++++ Data to process ++++

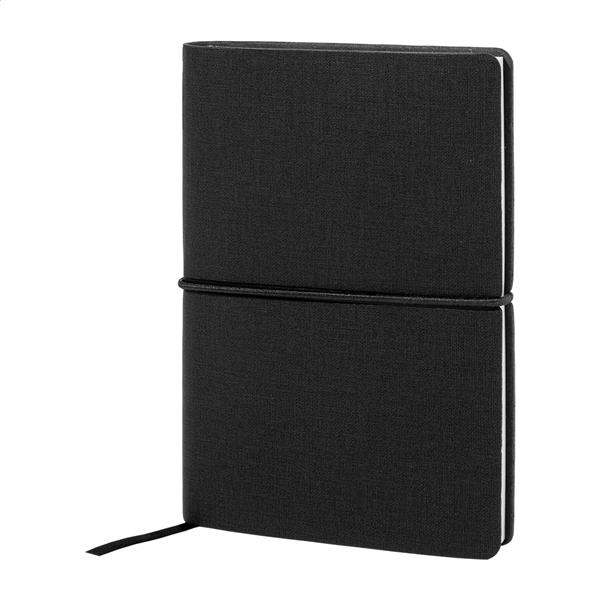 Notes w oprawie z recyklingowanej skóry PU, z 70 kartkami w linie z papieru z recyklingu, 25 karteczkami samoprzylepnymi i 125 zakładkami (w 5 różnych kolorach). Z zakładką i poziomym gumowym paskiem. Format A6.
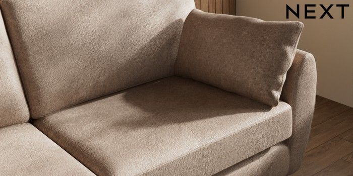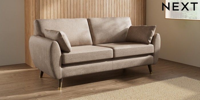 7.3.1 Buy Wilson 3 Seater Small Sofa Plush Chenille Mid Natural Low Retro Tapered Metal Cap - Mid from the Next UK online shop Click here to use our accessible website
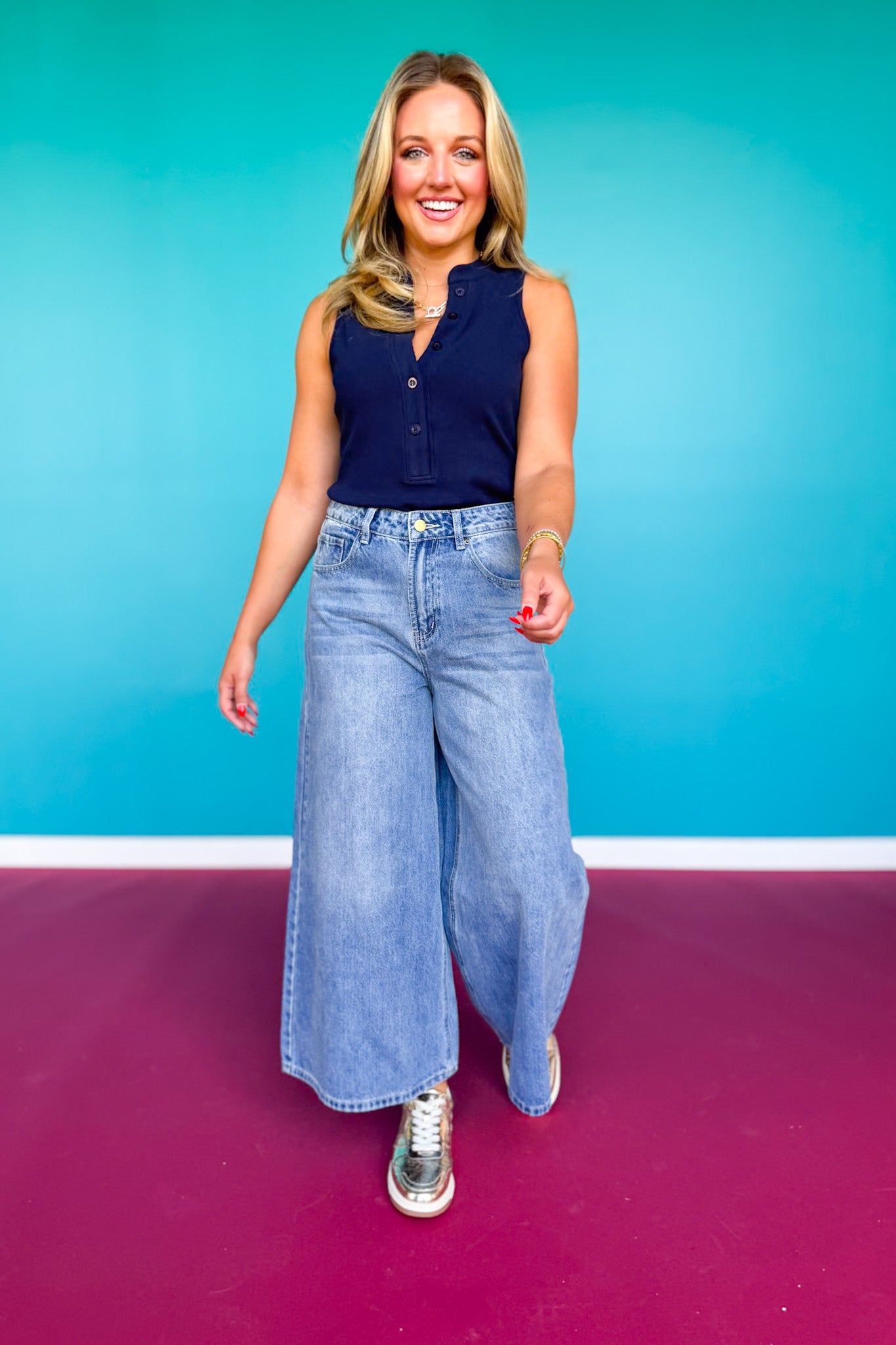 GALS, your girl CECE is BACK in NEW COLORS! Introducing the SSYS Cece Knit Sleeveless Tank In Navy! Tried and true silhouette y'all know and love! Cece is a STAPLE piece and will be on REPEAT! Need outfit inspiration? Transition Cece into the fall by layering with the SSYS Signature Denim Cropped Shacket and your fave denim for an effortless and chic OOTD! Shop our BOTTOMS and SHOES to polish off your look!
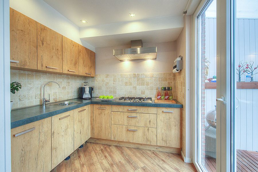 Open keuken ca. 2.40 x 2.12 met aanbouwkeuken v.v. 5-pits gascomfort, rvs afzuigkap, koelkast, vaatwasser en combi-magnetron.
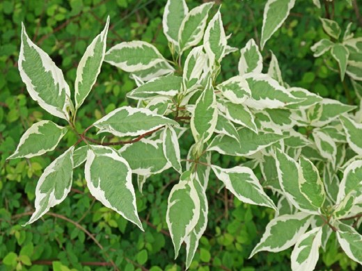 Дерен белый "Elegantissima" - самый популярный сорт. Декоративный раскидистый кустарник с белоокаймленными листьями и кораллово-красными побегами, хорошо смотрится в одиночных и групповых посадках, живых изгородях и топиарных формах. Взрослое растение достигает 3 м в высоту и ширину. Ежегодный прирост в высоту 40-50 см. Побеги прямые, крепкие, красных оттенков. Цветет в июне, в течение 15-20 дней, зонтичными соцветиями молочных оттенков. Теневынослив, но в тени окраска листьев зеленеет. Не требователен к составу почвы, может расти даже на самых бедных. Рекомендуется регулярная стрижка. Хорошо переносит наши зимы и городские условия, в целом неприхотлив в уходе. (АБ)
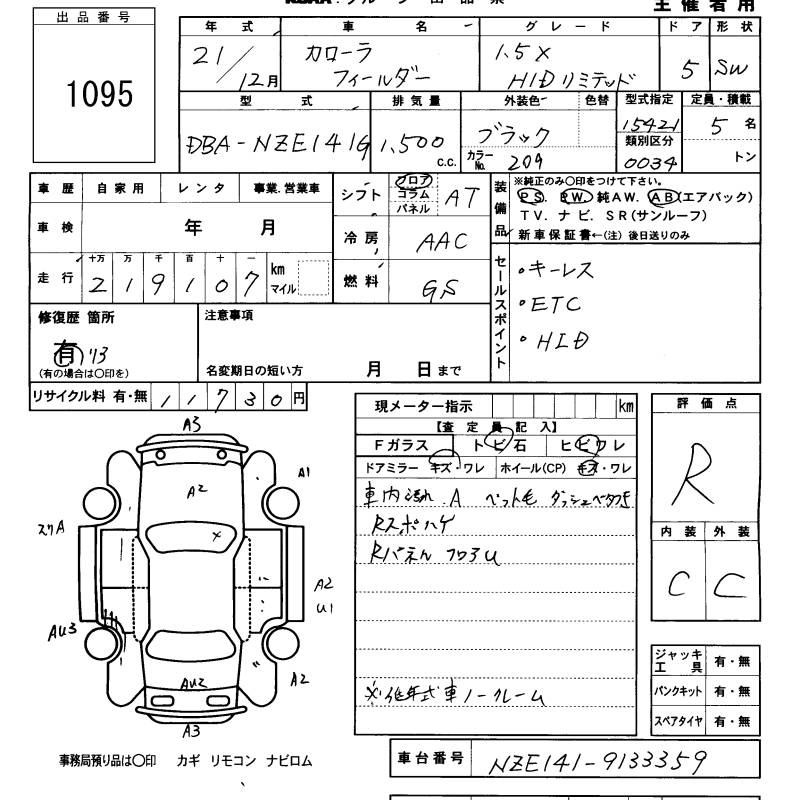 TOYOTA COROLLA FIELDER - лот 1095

++++

• Exercise description
Would you please restate the records word for word, excluding any images?

• Answer space
 Notes w oprawie z recyklingowanej skóry PU, z 70 kartkami w linie z papieru z recyklingu, 25 karteczkami samoprzylepnymi i 125 zakładkami (w 5 różnych kolorach). Z zakładką i poziomym gumowym paskiem. Format A6.
 7.3.1 Buy Wilson 3 Seater Small Sofa Plush Chenille Mid Natural Low Retro Tapered Metal Cap - Mid from the Next UK online shop Click here to use our accessible website
 GALS, your girl CECE is BACK in NEW COLORS! Introducing the SSYS Cece Knit Sleeveless Tank In Navy! Tried and true silhouette y'all know and love! Cece is a STAPLE piece and will be on REPEAT! Need outfit inspiration? Transition Cece into the fall by layering with the SSYS Signature Denim Cropped Shacket and your fave denim for an effortless and chic OOTD! Shop our BOTTOMS and SHOES to polish off your look!
 Open keuken ca. 2.40 x 2.12 met aanbouwkeuken v.v. 5-pits gascomfort, rvs afzuigkap, koelkast, vaatwasser en combi-magnetron.
 Дерен белый "Elegantissima" - самый популярный сорт. Декоративный раскидистый кустарник с белоокаймленными листьями и кораллово-красными побегами, хорошо смотрится в одиночных и групповых посадках, живых изгородях и топиарных формах. Взрослое растение достигает 3 м в высоту и ширину. Ежегодный прирост в высоту 40-50 см. Побеги прямые, крепкие, красных оттенков. Цветет в июне, в течение 15-20 дней, зонтичными соцветиями молочных оттенков. Теневынослив, но в тени окраска листьев зеленеет. Не требователен к составу почвы, может расти даже на самых бедных. Рекомендуется регулярная стрижка. Хорошо переносит наши зимы и городские условия, в целом неприхотлив в уходе. (АБ)
 TOYOTA COROLLA FIELDER - лот 1095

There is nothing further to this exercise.